A recent article re-iterating over the things all web developers should be doing anyway but need to be especially aware of when having multi-lingual sites.

http://www.nomensa.com/blog/2010/7-tips-and-techniques-for-multi-lingual-website-accessibility/

tl,dr:
#1 set the language code on the html tag (though I’ll add, go ahead and be redundant and use the content-language meta tag as well: <meta http-equiv=“content-language” content=“en”>)
#2 set the language on inner tags if and when they differ from the main page’s set language (see note below about hreflang)
#3 Google sucks… see below
#4 Set the direction of the language (ltr is default though, no need to set that unless you need to do like #2, override the main page setting), and let the browser deal with it, instead of using CSS like floats etc to imitate proper direction! The W3C is clear on this. If you have a page written in Hebrew or Arabic, don’t leave the page set to ltr and then try to use CSS or illogical text order to make it seem rtl. Set the rtl in the HTML.
#5 Set a charset. Yes. Do it before the title or anything else in the <head> while you’re at it: browsers can and will re-start loading after determining the charset (though IE6 tries well to guess based on language heuristics or something weird). So get them to do that as soon as possible, NOT after trying to load your title, meta description, css, javascript, favicon and whatever else you’ve got in there.
#6 Set font size based on language (this one’s pretty cool actually… see David’s inline box model page and scroll down to see an example difference between baselines for characters, for example)
#7 watch out for differences in word-length (this one hits us every time, doesn’t it? And may make you re-think things like horizontal menus!) This is why blind language settings without actually checking can get you in trouble. As a related note, word-wrapping is also affected!


I think “accessibility” in the tite here is limiting it: this is also usability and frankly it’s correct HTML… with two? exceptions I’m not sure of:

2 Links:

I had to look around for hreflang attribute because I actually had never heard of it before. From what I’ve read, it’s only really safe to use if you know absolutely certain that the user, upon clicking that, WILL get that resource in that language. Meaning, it had better be hard-coded and not possible for the user’s browser to choose some default language they have set. So, not for links to wikipedia or google or anything external that you don’t control. Rather, put the language selection in the link text:
(either: “deze site in het Nederlands” with lang=“nl” or “this site in Dutch” without lang attribute on the link (since link text is in the same language as the page) and then the page linked to has html lang=“nl”).

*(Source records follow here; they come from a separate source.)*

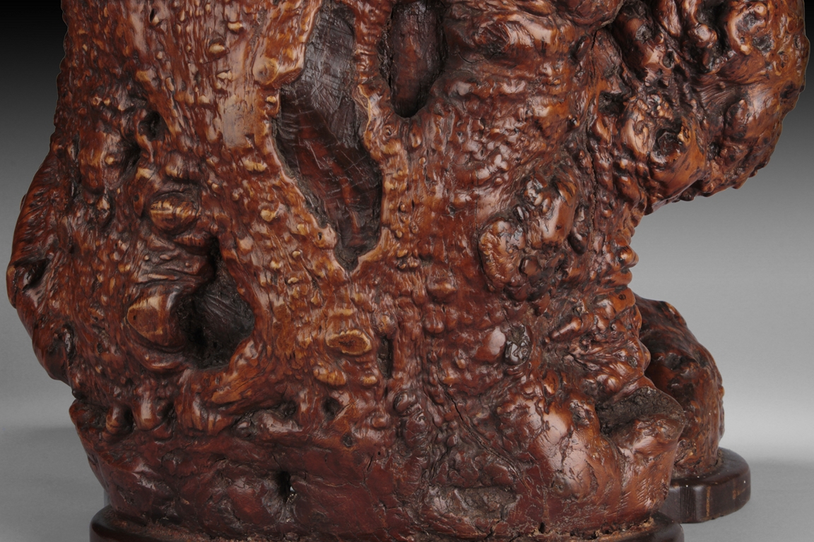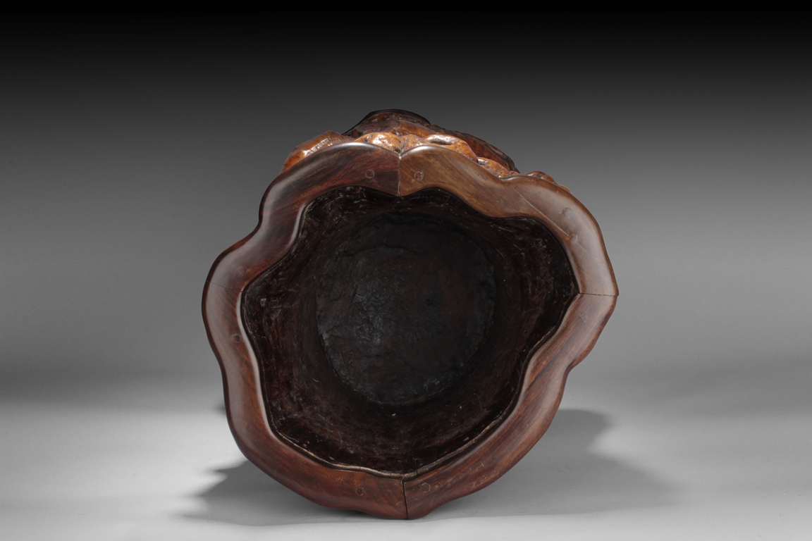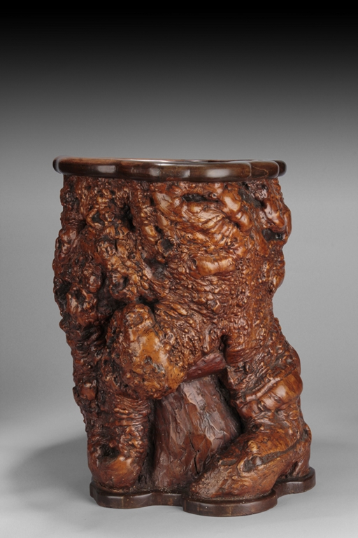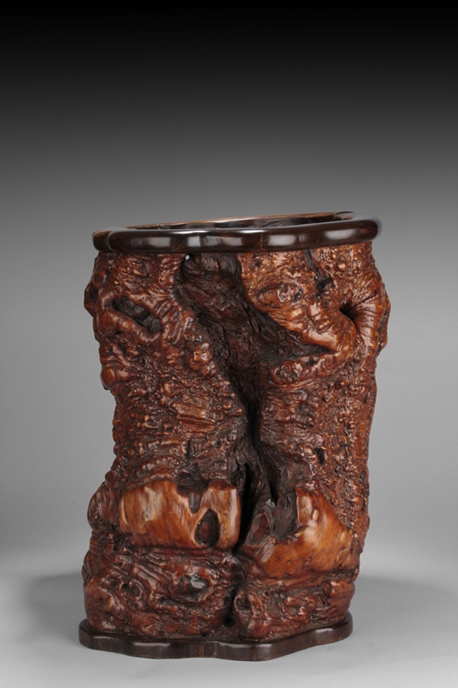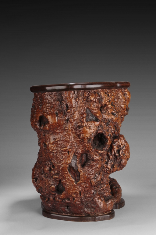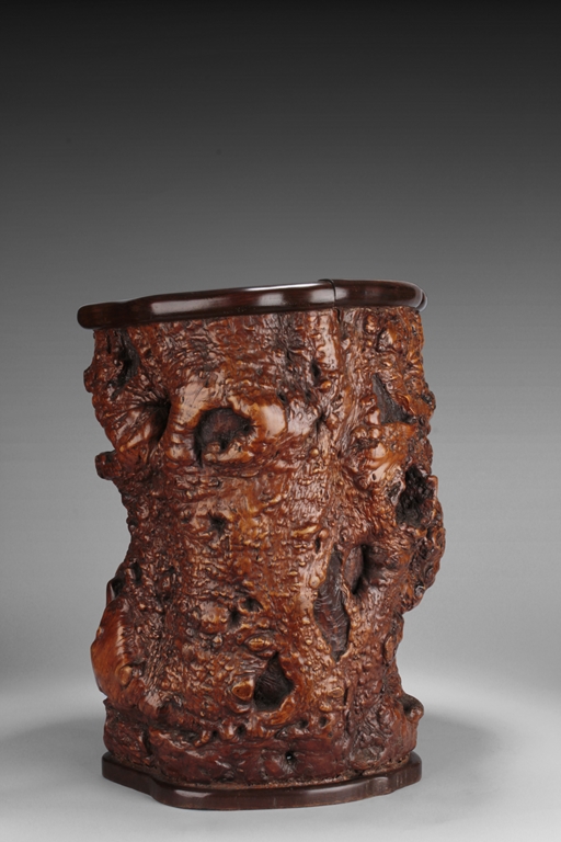 Of irregular cylindrical form and unusually large size, the ironwood brush pot is carved naturalistically with bumps, creases, small holes, and wrinkled surfaces, the top and bottom are decorated with wooden rim, all with natural color and grain. 19th century. Provenance: Estate of Thomas Chang.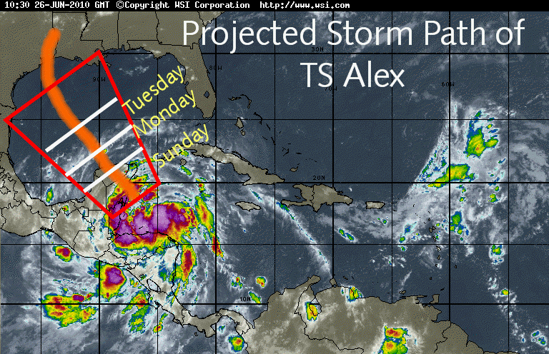 Well everyone, we have our first tropical storm of the 2010 season. This storm has been trudging through the Caribbean for a little over a week now, finally gaining steam and becoming Tropical Storm Alex. Because the storm formed so late and so close to land (Yucatan Penninsula), its strength isn’t expected to exceed a Tropical Storm. As of right now, Alex has no intentions of affecting the Philaburbia Coverage area anytime soon. I will keep you posted on the development of Alex as the week progresses and how (if at all) it affects our area!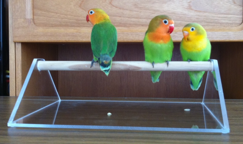 The acrylic perch stand is ideal for when tame birds are out of their cage. It has rubber stoppers to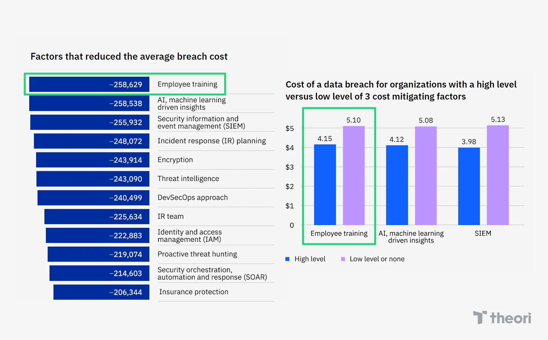 실제로 여러 연구 결과는 사내 임직원 대상의 보안 교육이 사이버 사고의 발생률과 대응 비용을 효과적으로 낮출 수 있음을 보여줍니다. IBM의 2024년 데이터 침해 비용 보고서에 따르면, 임직원 교육(Employee Training)은 평균 데이터 침해 비용을 약 26만 달러 절감하는 데 기여한 가장 효과적인 요인으로 나타났습니다. 또한, 보안 교육 수준이 높은 조직과 낮은 조직 간에는 평균 약 95만 달러의 침해 비용 차이가 발생한다고 합니다, 이는 사고 발생 후 복구에 드는 막대한 비용과 기업 평판 등을 고려할 때, 선제적인 보안 인재 확보와 역량 강화가 비용 대비 가장 높은 효과를 낼 수 있는 전략적 선택임을 보여줍니다.

For the rest, it should be on every dev’s checklist, whether they care about screen readers or not.

Also, I have issue with this:

In order to make language identification easier for Google, Google recommends only using one language per page.

I say, Tough. If my page content needs multiple languages, to hell with the googles. Use what makes sense with your content, because you ain’t writing for the googles… you are writing for human beings. And human beings understand the concept of multiple languages on a page. Remember that the lang attribute is supposed to be limited to within the tag scope of the tag you set it on.

Notice that Google will try to steer users to a particular language of a site, if available, not based on the user’s browser settings but based entirely on geo-location. This sucks butt when you’re traveling. You can turn this “feature” off, but only permanently after accepting a cookie, which doesn’t help as you go from hotel computer to internet cafe to wherever.

You probably won’t have done much with hreflang because it is mainly for the user-agent regarding the end of a link. So as an author you have to explicitly know what language was at the end. Typically you will have the language declared within most your own documents anyway.

Once you start pandering for the Search Engines over common sense then you should worry.